WORK REQUEST — Quote, exactly, the line holding "The rock to" and all lines after it to the end of the records below. Exclude pictures.

[Extracted records]
★ ★ ★ ★ ★

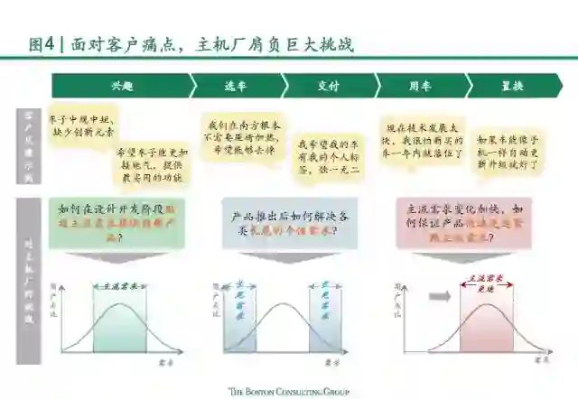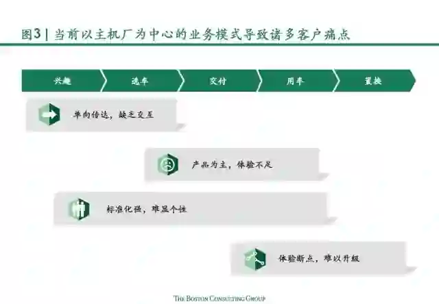 近期,BCG与国内某主机厂联合举行了一次围绕中国汽车消费者全生命周期的体验调研,结合以往的行业经验和消费者洞察,我们发现中国的汽车用户从兴趣、选车、交付、用车到置换过程中面临的痛点可以归结为四大类:
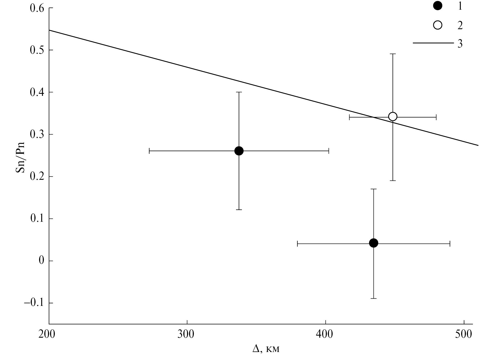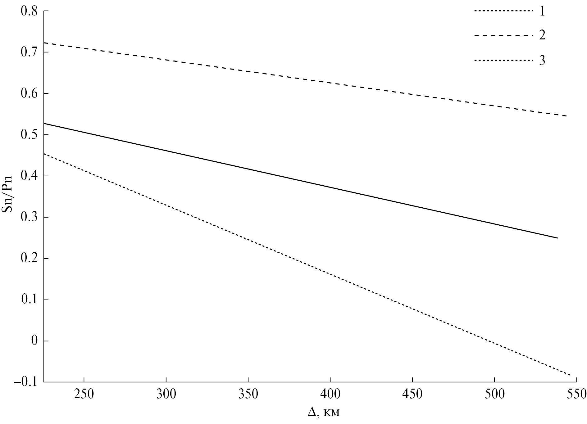 Следует заметить, что на фоне общего падения с расстоянием выделяются участки очень высоких средних значений параметра Sn/Pn (в интервалах Δ ~ 300–450 и 850–1050 км), а также аномально низких значений (при Δ ~ 450–850 км).
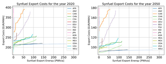 The supply curves in Figure 5 show the export costs dependent on the amount of exported energy of synfuels in 2020 and 2050. Economically favourable countries such as Australia (ANZ), those in Africa (AFR), the Middle East (MEA), and Central and South America (CSA) have a flat curve and start low. Countries such as Germany (DEU), Japan (JPN), and South Korea (KOR) have less potential and, hence, are economically unfavourable for the production of synthetic fuels. In total, large amounts of synthetic fuels compared to the global primary energy consumption of about 180 PWh are available up to EUR 250/MWh in 2020 and EUR 110/MWh mainly in Africa, Central, and South America, as well as Australia in 2050. The export costs are more than halved from 2020 to 2050.
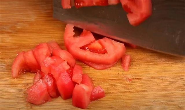 5.起锅烧油,油热以后下入西红柿,西红柿炒出汁后加入清水,再放入刚切好的配菜,大火煮开之后开始调味,加入适量的食盐,白胡椒粉和生抽,再勾芡一点水淀粉,煮熟之后再加点香醋,淋点小磨香油,最后撒上一点葱花和香菜,美味即成。
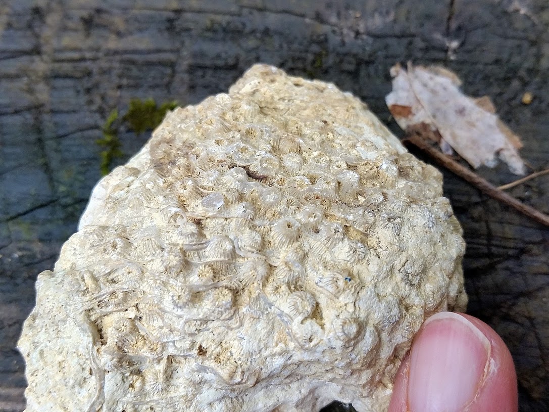 The rock to the right of the face just to the side of the rough path should be examined carefully. How does it compare with the rest of the rock in the face? This rock is made up of varying sized blocks and represents the debris that fell down the side of the coral reef. If the rough path up the face is climbed, the junction between the reef and the bed that was laid down above it can be examined. The reef with patches of debris extends for about 40m at this level but is not easily accessible. UNLESS MATERIAL IS REQUIRED FOR A DEFINITE EDUCATIONAL PURPOSE, PLEASE DO NOT REMOVE FROM THIS SITE. |
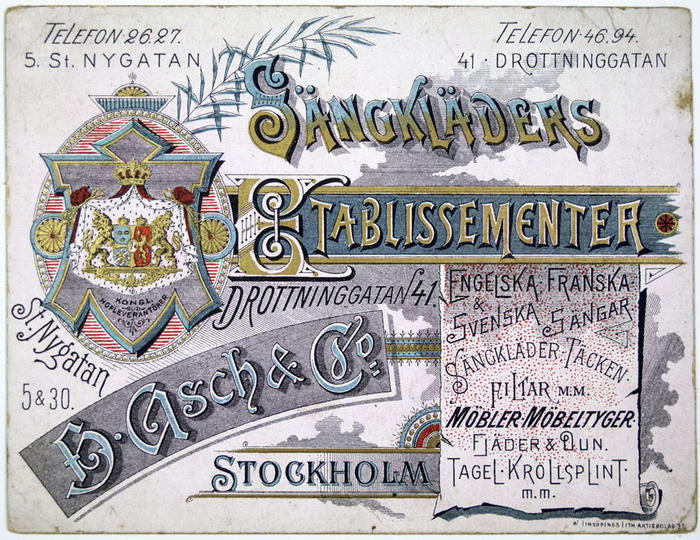 Reklamtryck. H. Asch & Co. Sängkläders Etablissementer, Stockholm

★ ★ ★ ★ ★

RESULT OF THE EXERCISE —
 The rock to the right of the face just to the side of the rough path should be examined carefully. How does it compare with the rest of the rock in the face? This rock is made up of varying sized blocks and represents the debris that fell down the side of the coral reef. If the rough path up the face is climbed, the junction between the reef and the bed that was laid down above it can be examined. The reef with patches of debris extends for about 40m at this level but is not easily accessible. UNLESS MATERIAL IS REQUIRED FOR A DEFINITE EDUCATIONAL PURPOSE, PLEASE DO NOT REMOVE FROM THIS SITE. |
 Reklamtryck. H. Asch & Co. Sängkläders Etablissementer, Stockholm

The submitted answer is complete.